Véritable feu d'artifice visuel, Vice Versa est une œuvre à savourer avec le même entrain qu'une exquise confiserie qui laissera sur notre palet un arrière-goût aussi durable que ne l'est un souvenir indélébile à notre mémoire. Mais bien plus qu'un spectacle pyrotechnique concocté par les doigts d'orfèvre de Pete Docter, ce petit bijou d'animation porte à incandescence la pluralité des émotions qui anime tout être, en pénétrant dans le poste de commande de la « fabrique à émotions » (et quelle fabrique à émotions !) de Riley, jeune adolescente de onze ans bouleversée par son récent déménagement. De la verdoyante campagne du Minnesota aux vicissitudes de la tentaculaire San Francisco, il y a une rupture de faille à même d'entraîner un âpre séisme mental.
Vice Versa est de la sorte un voyage initiatique fantasmagorique et un récit de transition (de l'enfance à l'adolescence) sublimés à tous les instants par une animation dantesque. Avec une précision neurochirurgicale, Docter s'immisce dans le cerveau de Riley et dissèque au scalpel le psychisme de l'adolescente, de ses souvenirs les plus vivaces à ses angoisses refoulées par le subconscient. Ces incursions dans les territoires mentaux et dans les profondeurs de la psychè sont d'autant plus salvatrices qu'elles s'accompagnent d'une véritable cartographie de l'esprit et du cerveau, résolument archipélagique : ainsi, chaque pilier constituant la personnalité de Riley et garantissant sa stabilité émotionnelle (honnêteté, famille, amitié, hockey, bêtises) est représentée par une île sans cesse ravitaillée par les souvenirs et les émotions. Le bouleversement induit par le déménagement de la jeune fille met donc en péril ce socle identitaire insulaire, et n'arrange en rien le travail des pilotes du vaisseau cérébral : le capharnaüm ne fait même que s'accroître lorsque Joie et Tristesse se retrouvent brusquement évincées du Quartier Cérébral, laissant Colère, Dégoût et Peur aux commandes... Avec les moyens du bord !
On pourrait compter par centaines les ingénieuses trouvailles visuelles qui agrémentent cette pépite du Septième Art, que ce soit le train, convoi-express métaphorique de la pensée qui fuse, les rêves fabriqués dans des studios de cinéma où pullulent acteurs, scénaristes et cameramen de l'onirisme, ou encore la forteresse-prison du subconscient, véritable Bastille où se joue la lutte freudienne entre le ça et le surmoi, et où les plus effrayants objets de la peur sommeillent en attendant d'être réveillés... D'une richesse allégorique presque fellinienne, Vice Versa est un bouquet psychédélique et fantaisiste, qui en exhibant des airs de fête foraine à ciel ouvert, explore les affres de la personnalité et de la mémoire.
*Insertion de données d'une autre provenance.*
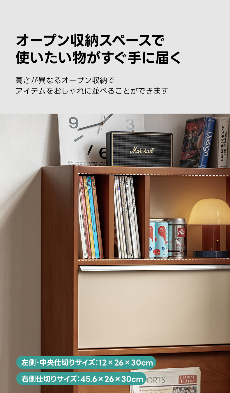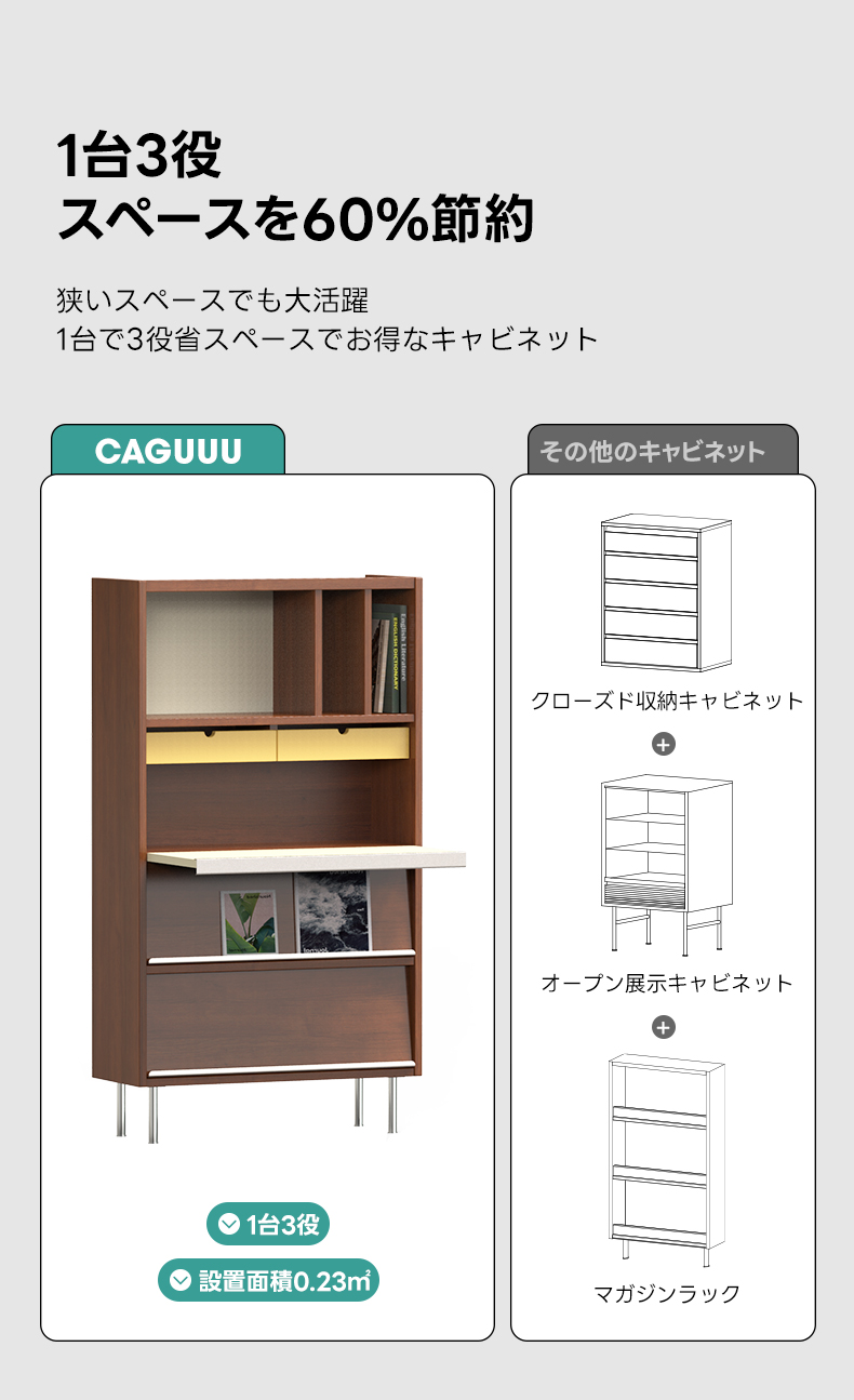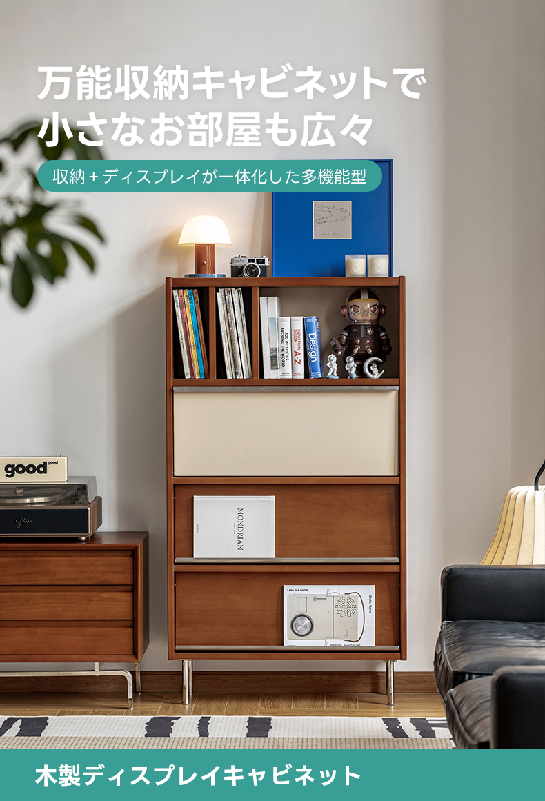 - 【多機能設計で効率的な収納】このキャビネットは、収納、ディスプレイ、マガジンラックの3つの機能を1台に統合しています。省スペースでありながら、165Lの大容量収納を実現し、リビングや寝室での整理整頓に最適です。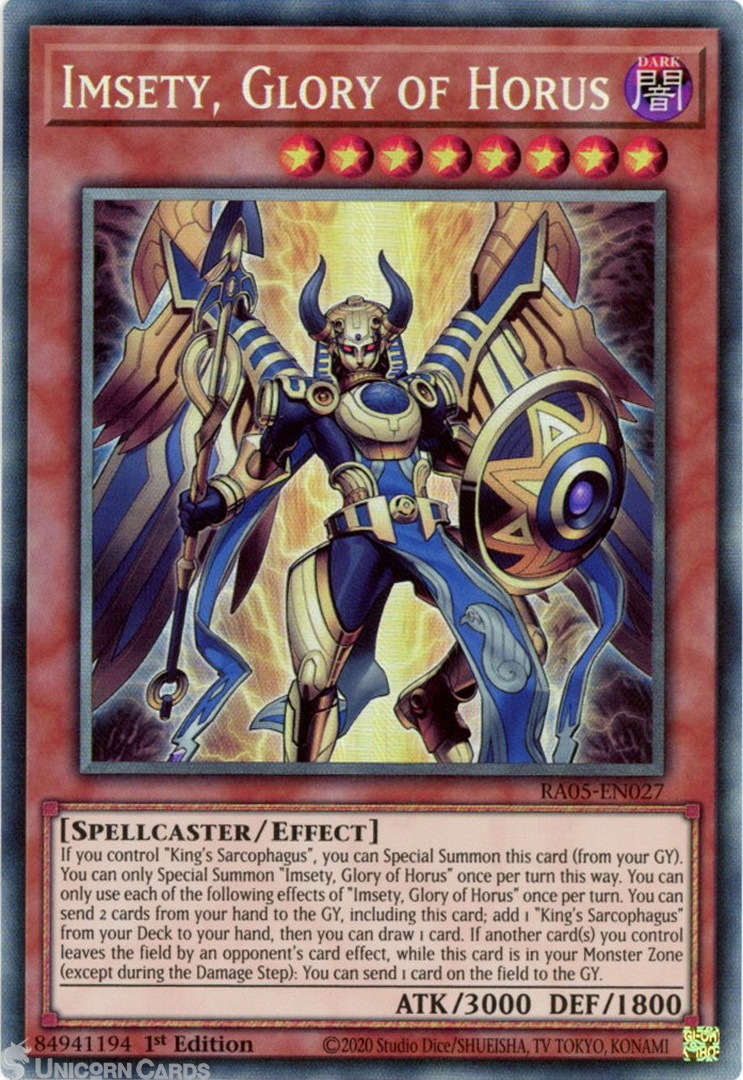 - RA05-EN027 Imsety, Glory of Horus : Collector's Rare 1st Edition Mint YuGiOh Card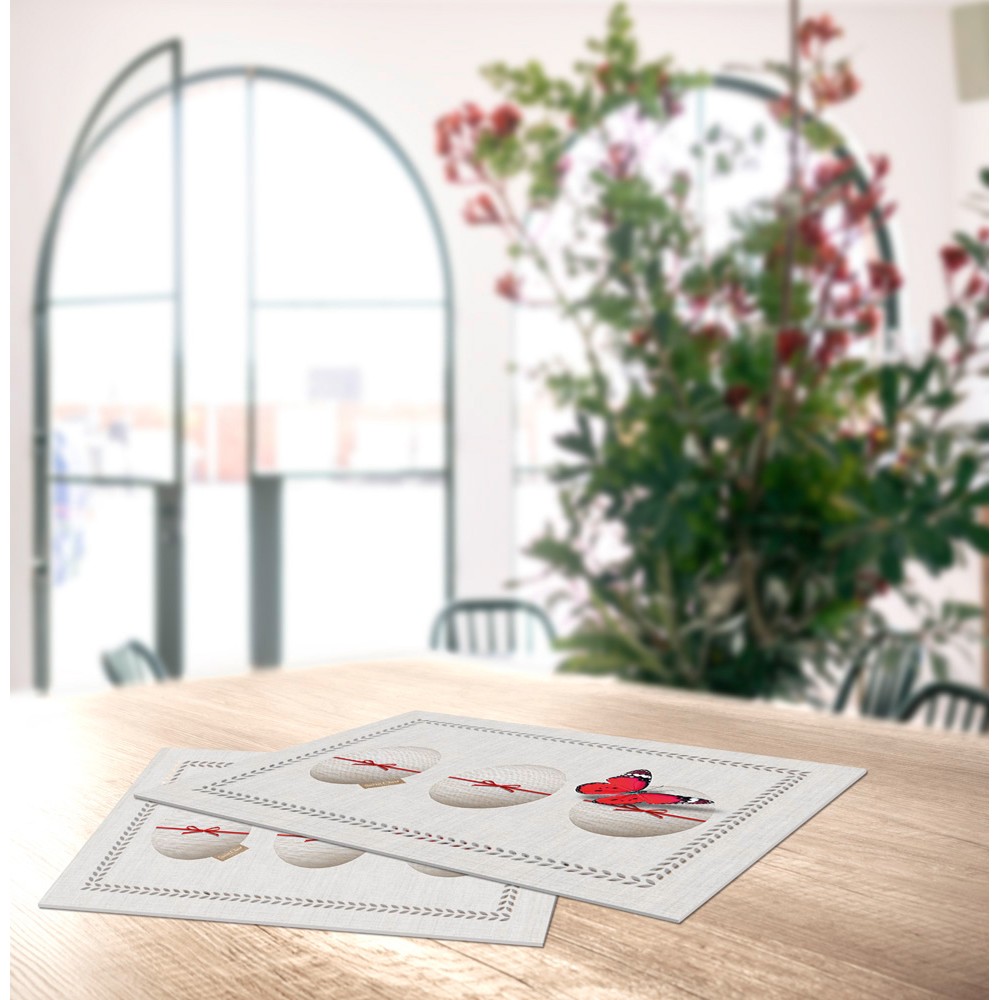 Γιορτινή διάθεση στο πασχαλινό τραπέζι σας με τα σουπλά διπλής όψεως της Saint Clair Paris. Κατασκευασμένα από 100% polyester με ειδική επεξεργασία αδιαβροχοποίησης για να καθαρίζονται εύκολα και να μην λεκιάζουν. Η αναγραφόμενη τιμή αφορά ανα τεμάχιο. Τα σουπλά μας είναι διαθέσιμα για αγορά ανά 4 τεμάχια. Διάσταση 45x33εκ.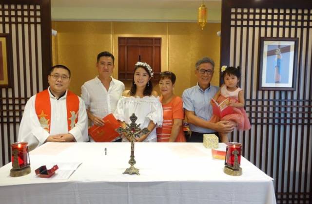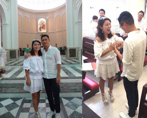先晚,前港姐吳忻熹透過社交網絡上載咗自己系教堂補辦婚禮嘅相,從中所見除咗個女之外,仲有吳忻熹嘅父母、與及約十幾名親友亦有到場見證。喺相中所見,儀式比較從簡,吳忻熹著上白色露膊恤衫同而家、頭戴白花頭飾,老公就以白裇衫相襯。二人喺神父前宣誓與及交換戒指,場面好溫馨。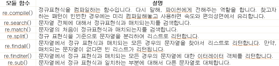 정규표현식 모듈에서 지원하는 함수는 다음과 같다.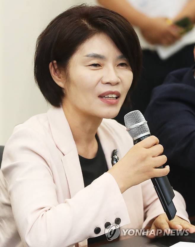 (성남=연합뉴스) 홍기원 기자 = 6일 오후 경기도 성남시 중원구 ㈜아이에스시(ISC)에서 열린 '더불어민주당 민생평화상황실 소득주도성장팀 일자리 현장 정책간담회'에서 팀장인 한정애 의원이 발언을 하고 있다. 2018.7.6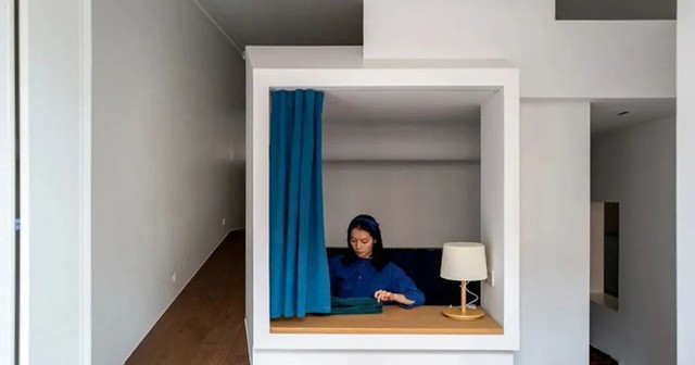 Điểm thú vị là "kén" không phải một phòng kín hoàn toàn. Nó được thiết kế như một "nửa phòng" – có tính riêng tư về tâm lý, nhưng vẫn giữ được sự liền mạch thị giác với các khu vực xung quanh.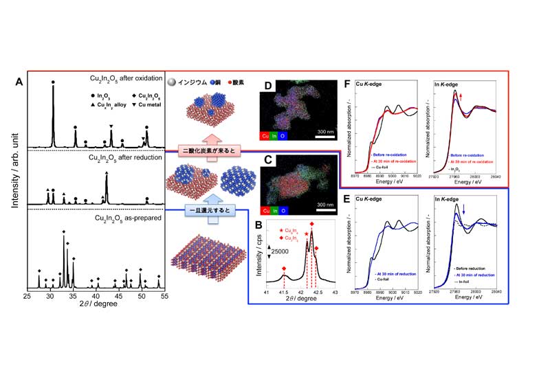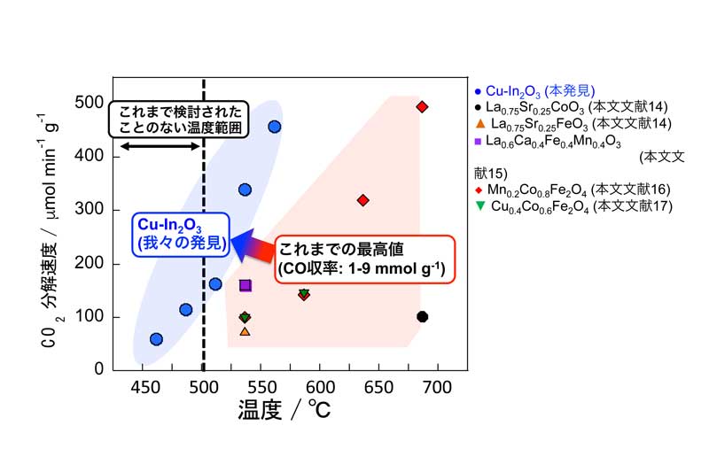 そこで、研究グループは固形の酸化物の酸化と還元の組み合わせに着目し、数百以上に及ぶ候補材料を検討。その結果、液晶ディスプレイや薄膜太陽光発電などの電子デバイスに用いられるインジウムと銅を組み合わせた合金酸化物「Cu-In2O3」が低温でも高い反応率に期待できることを見いだした。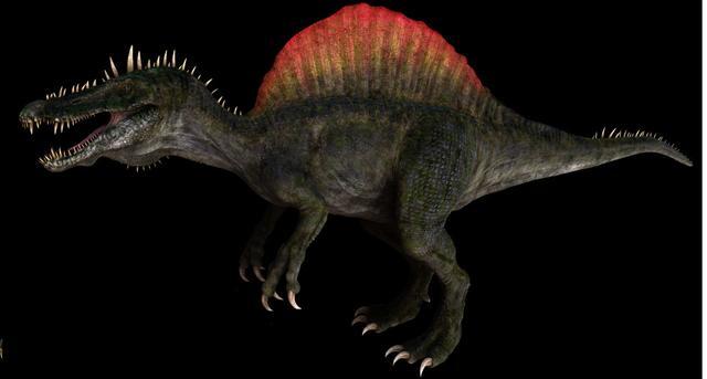 看过《侏罗纪公园》的朋友都会被其中的霸王龙形象所震撼,庞大的躯体,锋利的牙齿,轻松将汽车掀翻,追杀得人类四散奔逃。然而如果你要认为霸王龙就是最大的食肉恐龙,那你就想错了。埃及棘龙才是目前发现的体型最大的食肉恐龙。棘龙生活在1.4亿至6500万年前的北非。棘龙体长在12-19米,体重在4-30吨,之所以出现如此大幅度的差异,是人们对于棘龙的体形比例无法做出确定的判断。棘龙最显著的特点就是其背部明显的长棘,长棘最长可达1.65米,长棘连接成一个巨大的帆状物。对于长棘的作用,目前没有确定的说法,可能包含调节体温、储存能量、吸引异性等作用。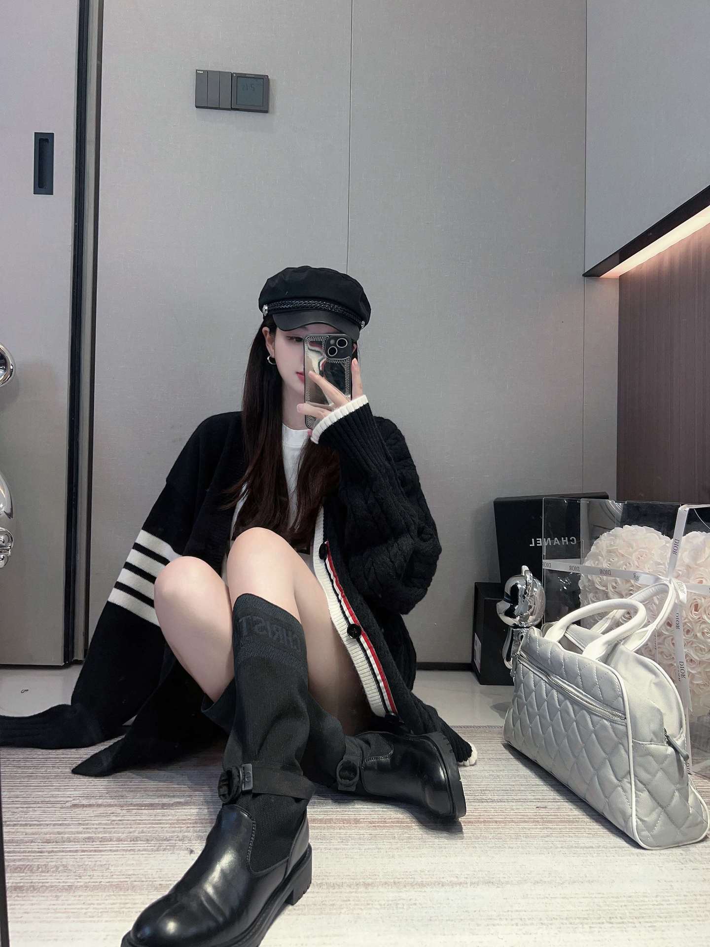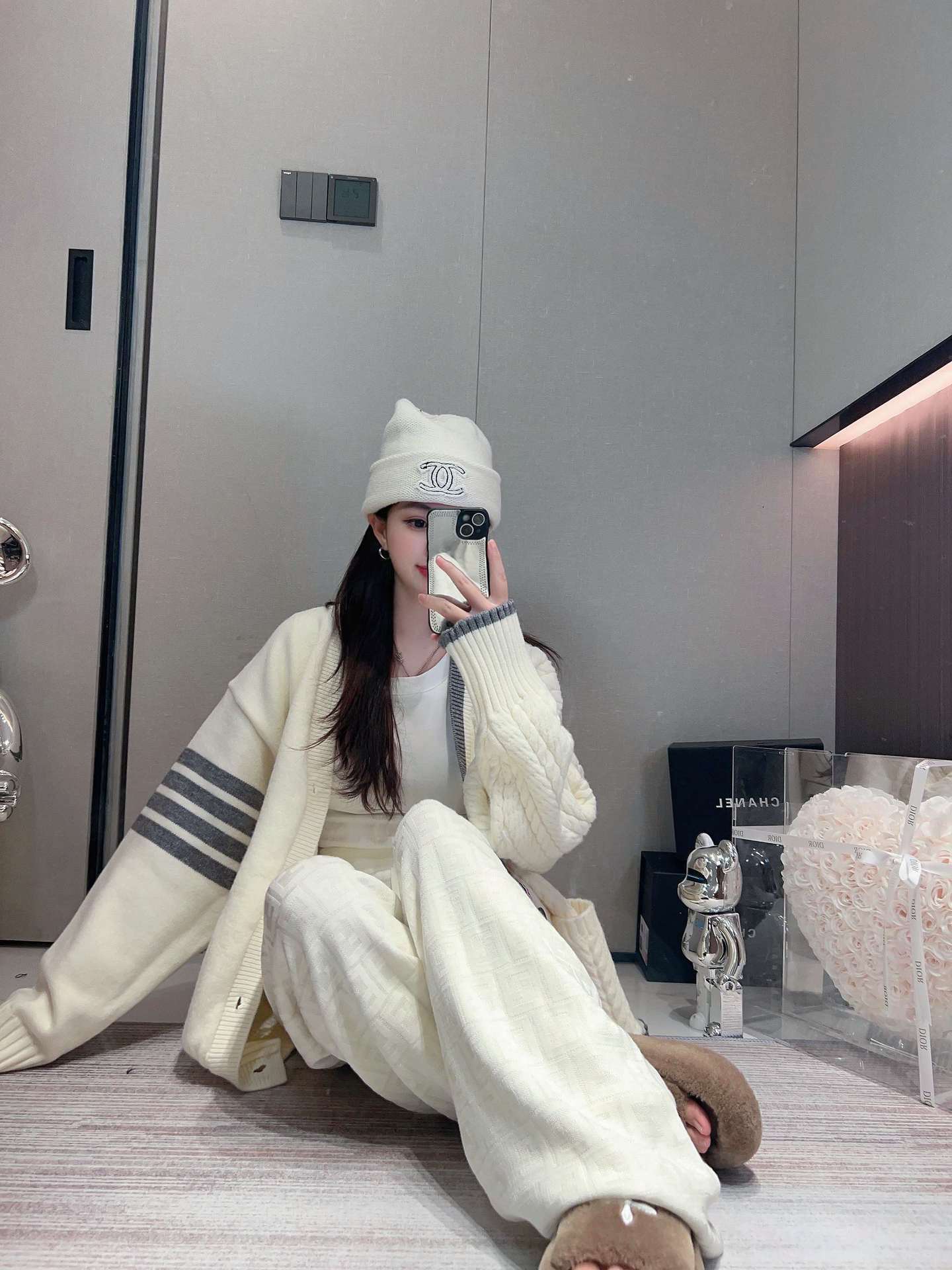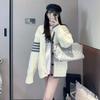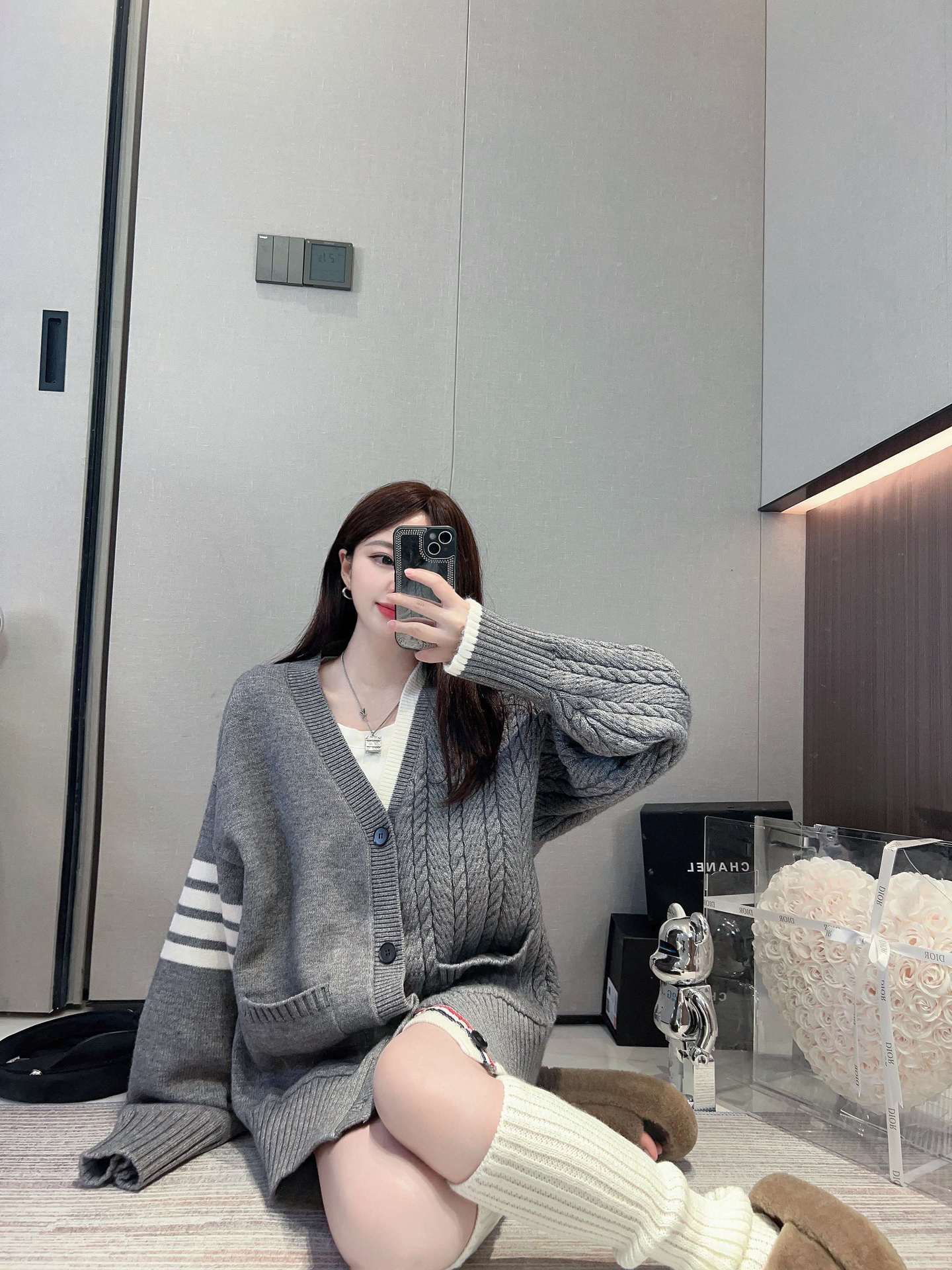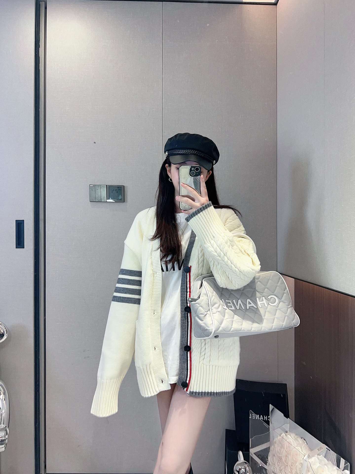 Cárdigan de Punto con Cuello en V de Color Contrastante para Mujer 2025 Principios de Otoño Nuevo Estilo Holgado y Relajado Chaqueta Suéter de Manga Larga
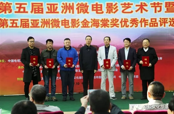 中國電視藝術家協會主席、原中央電視臺臺長胡占凡向亞洲微電影藝術節“金海棠獎”評委頒發評委證書

Rarement un film n'aura mis à nu avec une telle jubilation les tribulations de nos processus cognitifs qui se chevauchent, se heurtent, s'entremêlent en un fatras carnavalesque. Pendant quelques quatre-vingt-dix minutes, on rit, on s'émeut, on éprouve cette multiplicité de sentiments - colorés - qui compose la palette émotionnelle de tout un chacun, et cette force d'identification et d'empathie tient moins aux évidentes qualités graphiques du film qu'à la manière qu'a Pete Docter de nous rappeler que nous ne sommes jamais que la somme de nos expériences vécues, et que cette richesse cumulative fait de chacun d'entre nous quelqu'un d'exceptionnel - au sens littéral du terme. Surtout, et alors que les injonctions à positiver sans cesse et à vouloir faire à tout prix du bonheur l'alpha et l'oméga d'une vie réussie gangrènent nos sociétés, ce merveilleux film explore les contrastes qui seuls autorisent l'authenticité même de la vie : Joie et Tristesse, qui cherchent désespérément à rejoindre le Quartier Cérébral, ne peuvent fonctionner qu'ensemble, main dans la main, résonnant au diapason d'émotions que nous pensons parfois dissonantes. Vice Versa invite de la sorte à voir en la mélancolie et la nostalgie, non pas tant des rejetons dépréciés de Tristesse, que les douces réminiscences d'un bonheur triste, ou d'une tristesse joyeuse. Car au fond, c'est bel et bien ce que suggère Docter en filigrane : tout souvenir, aussi joyeux puisse-t-il être, est nimbé d'un surcroît de tristesse dès lors qu'il rejoint l'antre du passé.